#### [Your assignment]
Each line below from the "A廠【HN8386】貝珠紅紋" line through the "У разі, якщо" line, those two included, must be restated word for word; the pictures must not be.

#### [Information]
● ● ● ● ●
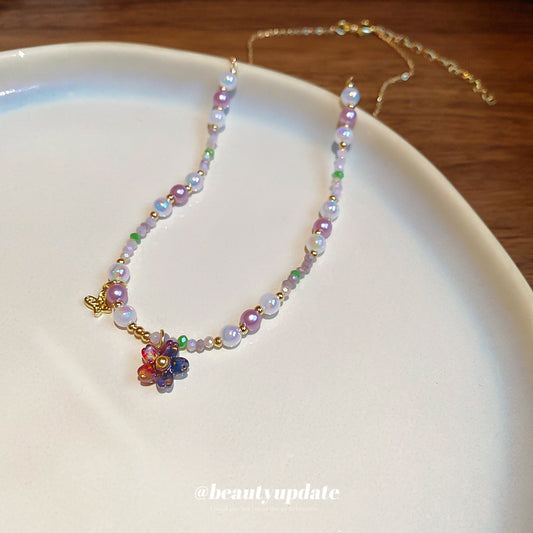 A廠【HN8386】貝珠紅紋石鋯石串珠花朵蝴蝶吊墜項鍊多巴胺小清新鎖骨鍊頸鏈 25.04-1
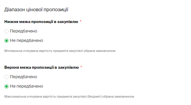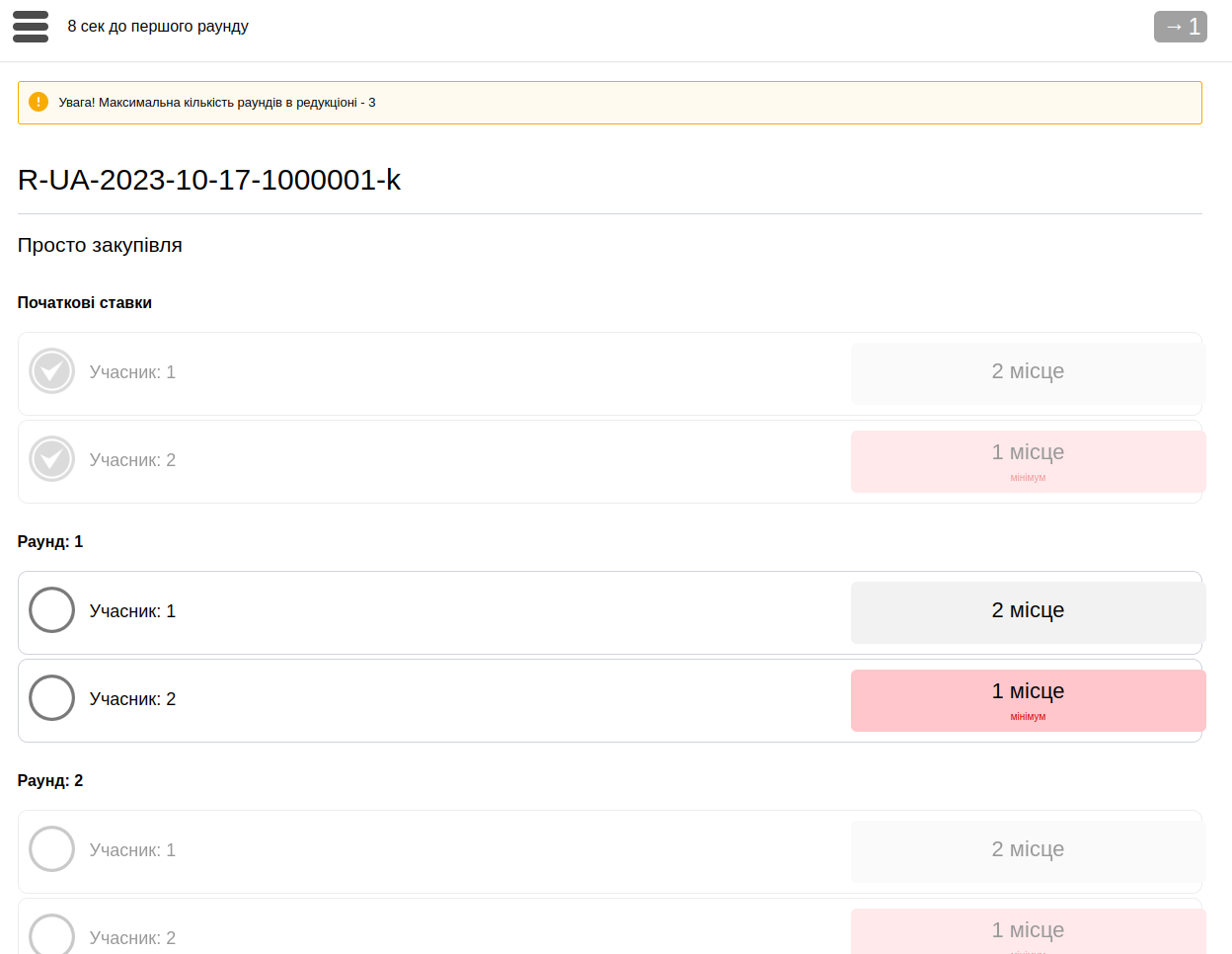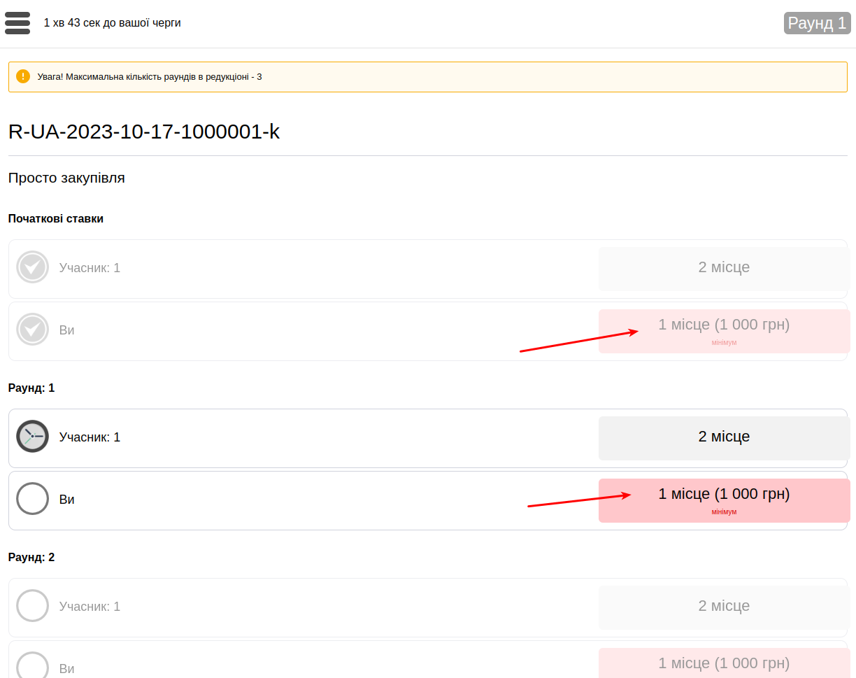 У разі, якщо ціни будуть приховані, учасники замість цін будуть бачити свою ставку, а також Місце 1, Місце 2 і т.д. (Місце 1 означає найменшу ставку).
● ● ● ● ●
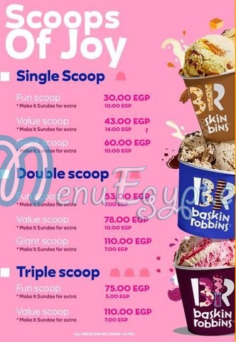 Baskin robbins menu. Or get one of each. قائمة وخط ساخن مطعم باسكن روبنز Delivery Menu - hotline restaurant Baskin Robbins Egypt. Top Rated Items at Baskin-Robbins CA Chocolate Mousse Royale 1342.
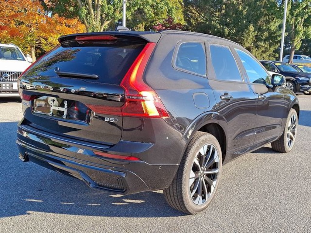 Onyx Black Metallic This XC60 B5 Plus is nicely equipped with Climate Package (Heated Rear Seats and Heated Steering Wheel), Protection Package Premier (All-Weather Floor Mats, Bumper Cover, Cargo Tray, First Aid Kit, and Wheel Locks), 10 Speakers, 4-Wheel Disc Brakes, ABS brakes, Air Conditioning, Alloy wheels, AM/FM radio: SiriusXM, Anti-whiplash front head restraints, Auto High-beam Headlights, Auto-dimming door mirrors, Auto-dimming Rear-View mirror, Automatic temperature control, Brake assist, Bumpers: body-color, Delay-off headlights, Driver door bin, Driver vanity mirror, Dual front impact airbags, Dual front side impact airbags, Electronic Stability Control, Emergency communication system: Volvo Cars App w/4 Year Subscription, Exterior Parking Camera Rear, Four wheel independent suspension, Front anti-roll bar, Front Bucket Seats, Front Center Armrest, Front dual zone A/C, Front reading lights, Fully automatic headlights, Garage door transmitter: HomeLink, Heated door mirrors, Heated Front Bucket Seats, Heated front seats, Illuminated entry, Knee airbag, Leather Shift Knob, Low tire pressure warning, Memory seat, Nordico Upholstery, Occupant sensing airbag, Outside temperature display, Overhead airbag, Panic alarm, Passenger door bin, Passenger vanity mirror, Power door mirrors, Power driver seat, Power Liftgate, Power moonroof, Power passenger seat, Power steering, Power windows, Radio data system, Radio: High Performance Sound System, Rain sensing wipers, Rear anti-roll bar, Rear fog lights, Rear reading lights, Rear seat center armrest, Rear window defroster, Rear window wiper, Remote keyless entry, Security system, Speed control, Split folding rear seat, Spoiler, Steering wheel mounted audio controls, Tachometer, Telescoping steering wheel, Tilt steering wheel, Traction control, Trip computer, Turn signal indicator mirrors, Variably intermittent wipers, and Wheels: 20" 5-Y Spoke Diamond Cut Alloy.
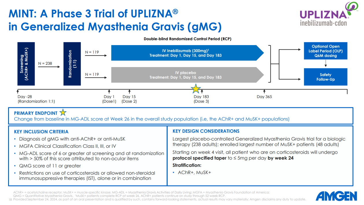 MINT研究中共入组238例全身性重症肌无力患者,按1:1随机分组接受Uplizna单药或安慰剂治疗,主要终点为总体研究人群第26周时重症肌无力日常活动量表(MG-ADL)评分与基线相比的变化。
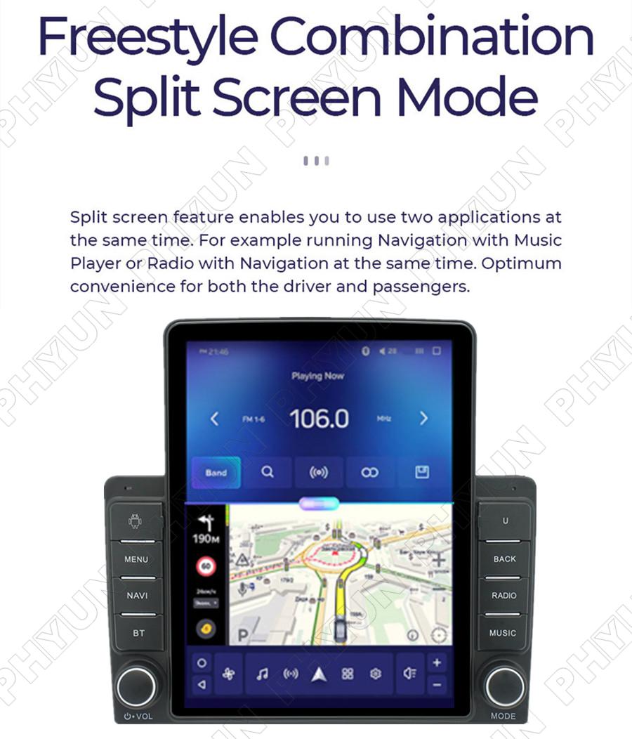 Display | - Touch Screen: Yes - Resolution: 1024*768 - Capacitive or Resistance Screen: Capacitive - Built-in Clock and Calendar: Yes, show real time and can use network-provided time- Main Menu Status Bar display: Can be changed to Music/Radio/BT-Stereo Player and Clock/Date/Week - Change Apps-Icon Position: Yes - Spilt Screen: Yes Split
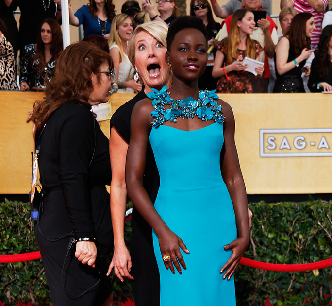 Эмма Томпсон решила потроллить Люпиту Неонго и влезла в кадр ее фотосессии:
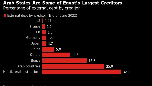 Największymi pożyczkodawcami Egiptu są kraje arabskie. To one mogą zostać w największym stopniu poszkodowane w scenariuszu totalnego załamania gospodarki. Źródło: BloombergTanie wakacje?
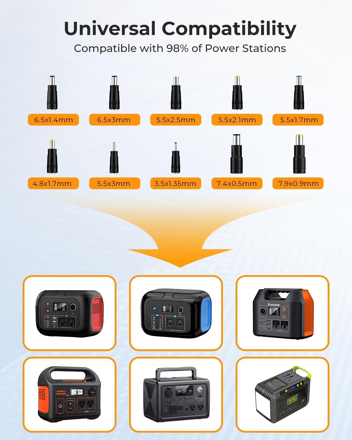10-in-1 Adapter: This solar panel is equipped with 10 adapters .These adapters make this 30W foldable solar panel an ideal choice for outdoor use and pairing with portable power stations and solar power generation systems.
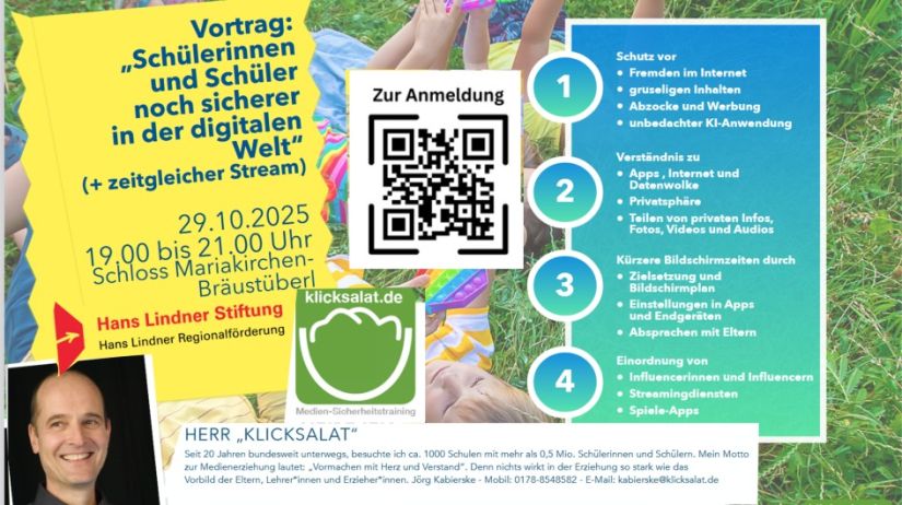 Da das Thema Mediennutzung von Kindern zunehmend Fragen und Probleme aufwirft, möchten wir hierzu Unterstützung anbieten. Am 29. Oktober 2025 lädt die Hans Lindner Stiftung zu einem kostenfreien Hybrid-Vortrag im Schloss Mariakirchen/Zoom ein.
● ● ● ● ●
#### [Final answer]
 A廠【HN8386】貝珠紅紋石鋯石串珠花朵蝴蝶吊墜項鍊多巴胺小清新鎖骨鍊頸鏈 25.04-1
 У разі, якщо ціни будуть приховані, учасники замість цін будуть бачити свою ставку, а також Місце 1, Місце 2 і т.д. (Місце 1 означає найменшу ставку).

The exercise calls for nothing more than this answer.